For this exercise, retype every record below exactly and keep the pictures out.

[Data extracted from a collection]

--- START ---

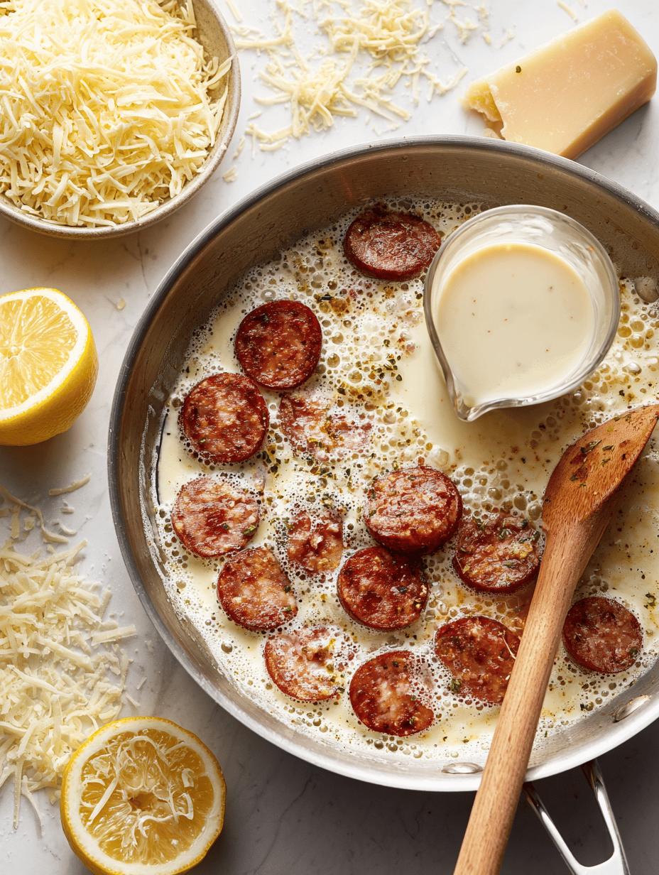 - While pasta cooks, heat the sauté pan over medium-high (around 180°C / 356°F). Add sliced sausage or pepperoni and cook until crispy, about 4-5 minutes. The edges should brown, a little crackle in the fat.
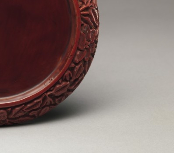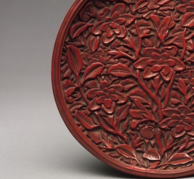 14 世纪末至 15 世纪的明早期,雕漆剔红工艺处于发展高峰,花卉纹(如牡丹、莲花)因象征富贵、高洁等吉祥寓意,成为漆器装饰的重要题材。此对漆盘的纹饰选择与工艺特征,反映了当时社会对精美工艺品的追求及花卉纹饰在工艺美术中的流行,为研究明代早期剔红技术、装饰题材与器物功能的关联提供了实物依据。
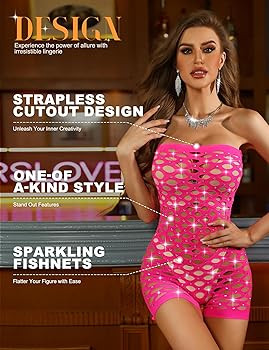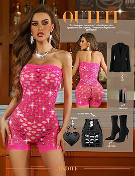 Enhance Your Sensuality: Unleash your inner allure with our RSLOVE fishnet lingerie. This captivating piece features dazzling rhinestone details that beautifully accentuate your curves, creating an irresistible and seductive look;
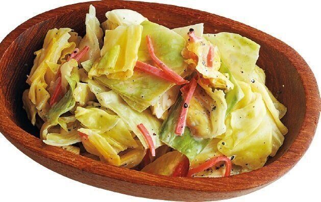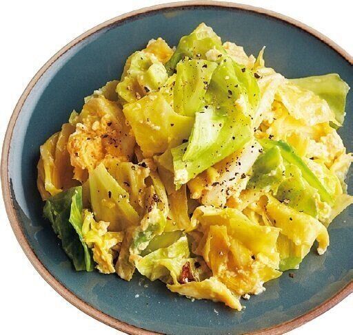 塩キャベツ全量をざるに上げて水けをきり、サラダ油大さじ1/2で炒め、溶き卵2個分を流し入れて炒め、粗びき黒こしょう少々をふる。
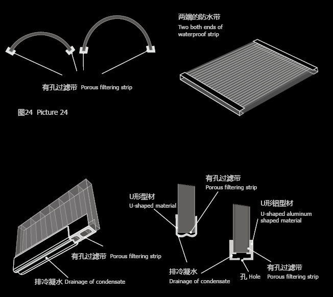 在圓弧型拱頂安裝中,兩端的槽的兩端應用有孔過濾帶封住。注意:板材的兩端要保持清潔,便于冷凝水的排出。
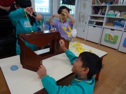 劇で使う大道具も先生と一緒に作りながら楽しんで練習に取り組んでいます♬
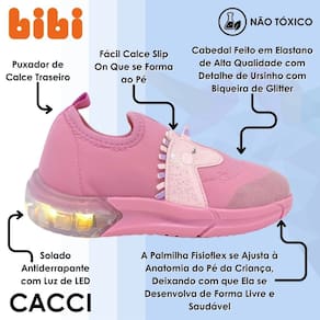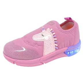 A palmilha com tecnologia Fisioflex proporciona a sensação de andar descalço, promovendo conforto prolongado e contribuindo para o desenvolvimento natural dos pés. O sistema slip on facilita o calce, permitindo que as meninas coloquem e tirem o tênis sozinhas, incentivando a autonomia. O grande destaque fica por conta do solado antiderrapante com luzes de LED que piscam a cada passo, garantindo segurança e tornando cada movimento ainda mais divertido. Combinando magia, praticidade e conforto, esse modelo rosa com estampa de unicórnio é perfeito para compor looks encantadores que refletem a alegria de ser criança.
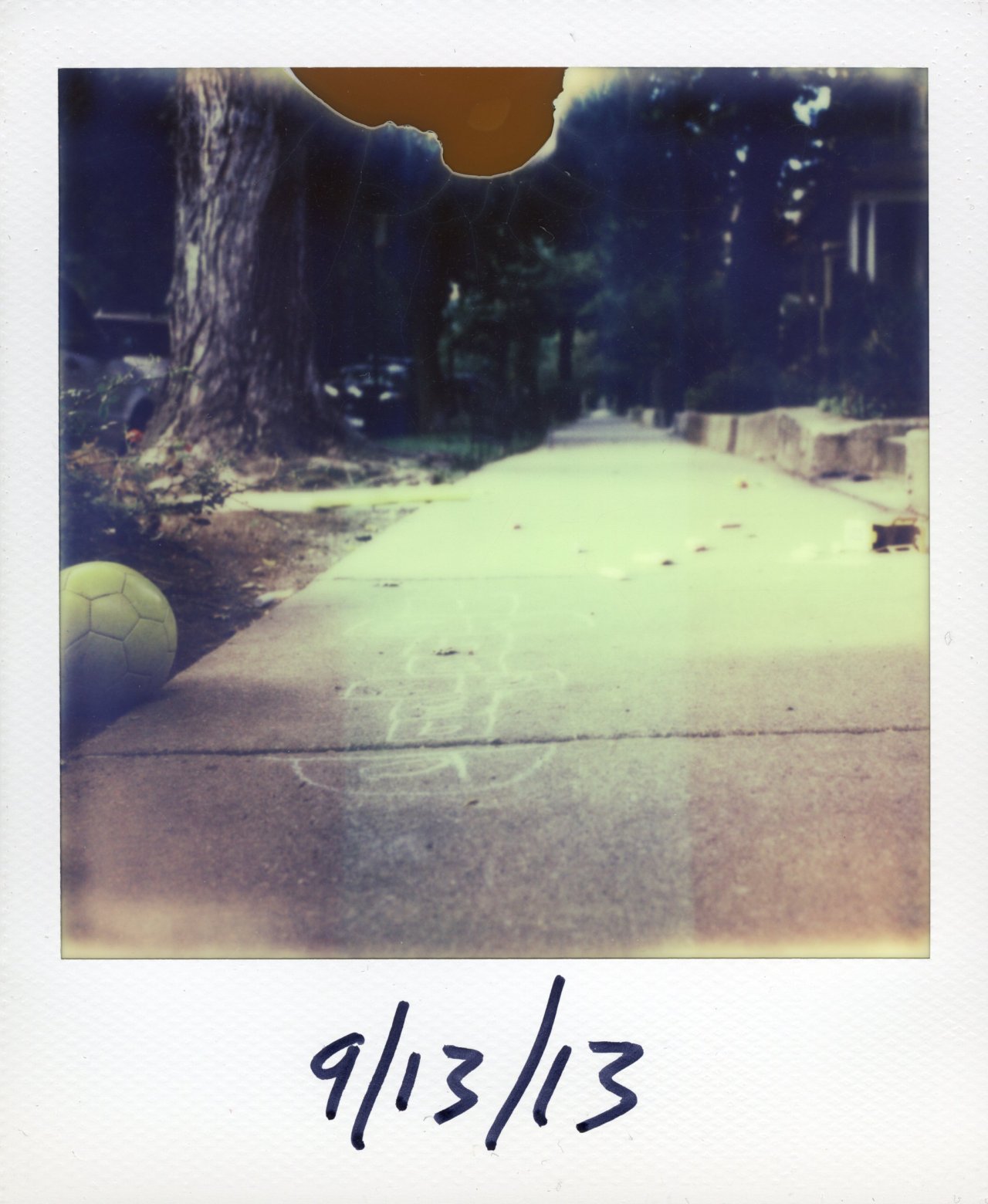 Walking up my street home I saw signs that moments earlier children had been playing ball and drawing with chalk. I couldn’t help but stop and photograph the remainders and smile.

--- END ---

**TASK RESPONSE**
 - While pasta cooks, heat the sauté pan over medium-high (around 180°C / 356°F). Add sliced sausage or pepperoni and cook until crispy, about 4-5 minutes. The edges should brown, a little crackle in the fat.
 14 世纪末至 15 世纪的明早期,雕漆剔红工艺处于发展高峰,花卉纹(如牡丹、莲花)因象征富贵、高洁等吉祥寓意,成为漆器装饰的重要题材。此对漆盘的纹饰选择与工艺特征,反映了当时社会对精美工艺品的追求及花卉纹饰在工艺美术中的流行,为研究明代早期剔红技术、装饰题材与器物功能的关联提供了实物依据。
 Enhance Your Sensuality: Unleash your inner allure with our RSLOVE fishnet lingerie. This captivating piece features dazzling rhinestone details that beautifully accentuate your curves, creating an irresistible and seductive look;
 塩キャベツ全量をざるに上げて水けをきり、サラダ油大さじ1/2で炒め、溶き卵2個分を流し入れて炒め、粗びき黒こしょう少々をふる。
 在圓弧型拱頂安裝中,兩端的槽的兩端應用有孔過濾帶封住。注意:板材的兩端要保持清潔,便于冷凝水的排出。
 劇で使う大道具も先生と一緒に作りながら楽しんで練習に取り組んでいます♬
 A palmilha com tecnologia Fisioflex proporciona a sensação de andar descalço, promovendo conforto prolongado e contribuindo para o desenvolvimento natural dos pés. O sistema slip on facilita o calce, permitindo que as meninas coloquem e tirem o tênis sozinhas, incentivando a autonomia. O grande destaque fica por conta do solado antiderrapante com luzes de LED que piscam a cada passo, garantindo segurança e tornando cada movimento ainda mais divertido. Combinando magia, praticidade e conforto, esse modelo rosa com estampa de unicórnio é perfeito para compor looks encantadores que refletem a alegria de ser criança.
 Walking up my street home I saw signs that moments earlier children had been playing ball and drawing with chalk. I couldn’t help but stop and photograph the remainders and smile.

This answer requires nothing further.